On stage, you walk up to the mic with your Yamaha APX600 guitar.  You start playing and singing, and it sounds great.  The action is low and makes the guitar easy to play, the neck feels like an electric, and everyone assumes that your Yamaha guitar is expensive.  But you know it isn’t.  You got it for $330, and that’s a steal.

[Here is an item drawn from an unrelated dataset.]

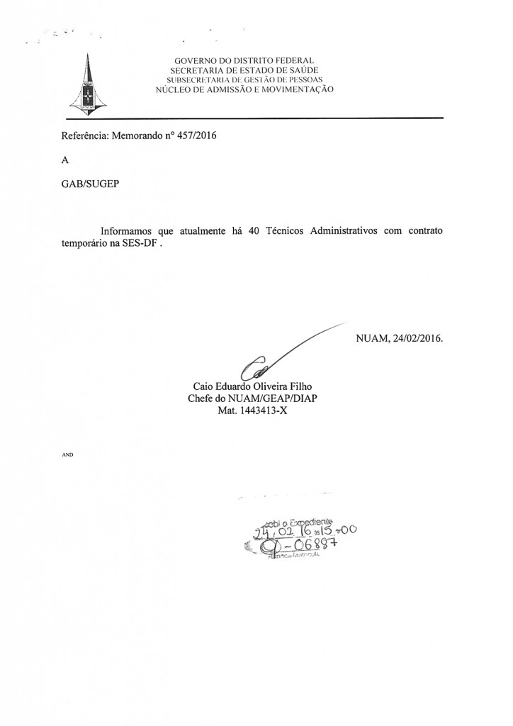 Ainda segundo a SES-DF “A pasta esclarece que, no momento, não há previsão para nomeação de novos técnicos administrativos.”.
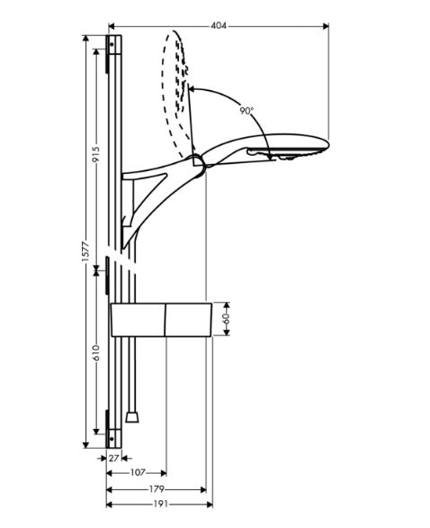 Душовий гарнітур зі штангою Hansgrohe колекція Raindance Unica з мильницею хром 27875000

The strap buttons are in a great location, the sweepable midrange EQ means you can fine tune your guitar to sound great on the fly, and the built in tuner is super handy.  Life is good!

The Bad

The tuner doesn’t mute your guitar, so you need to remember to turn down the volume when you tune.  You go to your friend’s house and he pulls out his acoustic and you play along, and you can’t hear what you’re playing, because this thing is NOT a great sounding acoustic guitar.  It makes sound, yes, but it sounds trebly and there’s very little body.  Don’t buy this guitar unless the plan is to play it plugged in.  It’s fine for casual playing around the house, but it’s not loud enough or full enough to compete with a $200 full body guitar.

The Ugly

Here’s the dirty little secret – this guitar ships with high action.  It’s supposed to be easy to play, out of the box, and it isn’t.  You need to remove and sand down the plastic bridge saddle in order to get the strings at a reasonably low height.  If only Yamaha had done that at the factory… but they didn’t.  Yes, you can play it out of the box, but you want lower action.  And if you sand down too far, you ruin the bridge saddle and you need to buy a new one.  Also, the frets are scratchy and need to be polished, the fret ends could use a little more work, and you might find some small cosmetic issues.  Oh, and the nut is plastic.  It’s a lot of guitar for $330, so you shouldn’t be surprised by these things.

Conclusion

I’m working on a video for the YouTube channel, but basically you might want to sand down the bridge saddle, polish the frets, and put new strings on it.  And then you’ll have a killer guitar for the money.  I can’t wait to gig with this thing.  Will I ever replace the nut and saddle?  I don’t know.  It sounds really good as it is through my PA.  I’ll probably just leave it alone.  Depends how bored I get.